I have a 2 gallon tank for a betta and every preset heater I've tried has not heated it to the specified 78 degrees it said it would. So then I used one of my adjustable 50 watt heaters to set it to the right temperature, but I'm wondering if this is too much wattage for the tank size? Is there any problem with this or is it fine?


----------



## Pinkieswear (Feb 20, 2015)

Pretty sure if you keep a close eye on it, it should work. You might have to adjust it down if anything. I have a non adjustable 100w in a 5 gal and it doesn't get above 76. Waiting for my 50w hydor so I can bump up the temp.


----------



## MattsBettas (Dec 18, 2012)

As long as the thermostat is functioning well it SHOULDN'T be an issue... But you'd be much better off with a 25w heater. It's a high wattage for that small of a tank and if the thermostat was to fail the fish would likely be overheated to the point of death.


----------



## jadaBlu (Feb 14, 2013)

That is considered to be too much I'd be afraid of an overheat. There are conditions to consider when choosing your heater

I like this article:
http://www.firsttankguide.net/hea Iter-setting.php

This has some good info too

http://freshaquarium.about.com/od/heating/a/heatersizeguide.htm


----------



## VivianKJean (Aug 20, 2013)

It depends where you live. Its gets very cold in my apartment in the winter so I have 50watt heaters in 2.5 gallon tanks. I haven't had any issues.


----------



## copperfish (Jan 21, 2014)

When looking at 50watts it can be used UP TO 12 gallon tank (typically) so a 2 gallon tank is ok. But an issue to consider is size. I know with my heater they recommend a correct heater "position". For example Cobalt states:

Minimum water level- Top of the bezel.
-For 25, 50, 75watt 5.5″ from bottom of the heater.
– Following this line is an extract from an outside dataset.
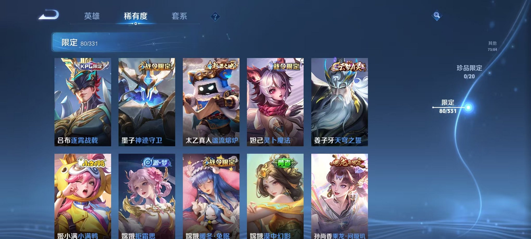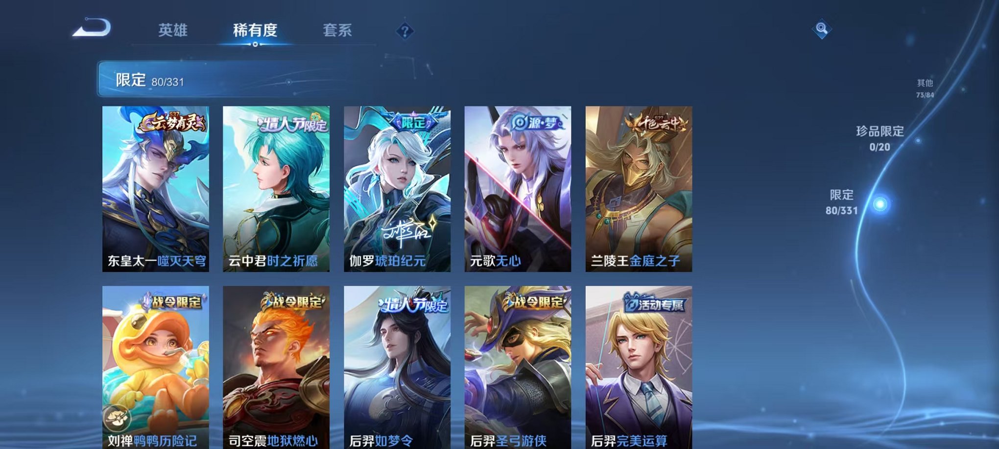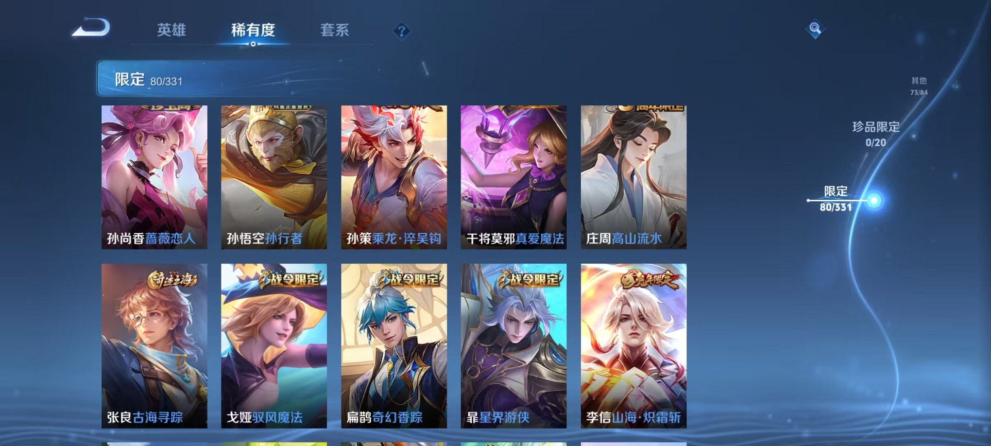 安卓QQ 皮肤283 英雄125 典藏1 传说7 其他皮肤84 至尊星耀-

I don't why, but I'm sure they have a reason the manufaucturer of my heater says this, and I know I couldn't do that in a 2 gallon tank. Something has to give when using something big in a 2 gallon tank.


----------



## RussellTheShihTzu (Mar 19, 2013)

A lot of people use those adjustable Hydor 25W in smaller tanks and say they're perfect.


----------



## jadaBlu (Feb 14, 2013)

I used 25 watts in and 2 gallon and three gallon. One is a Hydor but I have not found them to be reliable. However, I've yet to find a reliable heater anyway. They have cheap ones on ebay for about $7.00-$9.00 no less reliable than the Hydors are. They are easier to take apart and clean. I got mine from the seller lotuspond2010 most still work. None have overheated like the Hydors. I'd rather have colder and alive betta than one that overheated and died. However, I suppose if you live in an area that is really cold year round maybe you do need that wattage. I live in a 4 season area and I usually have to adjust my heaters during the summer.


----------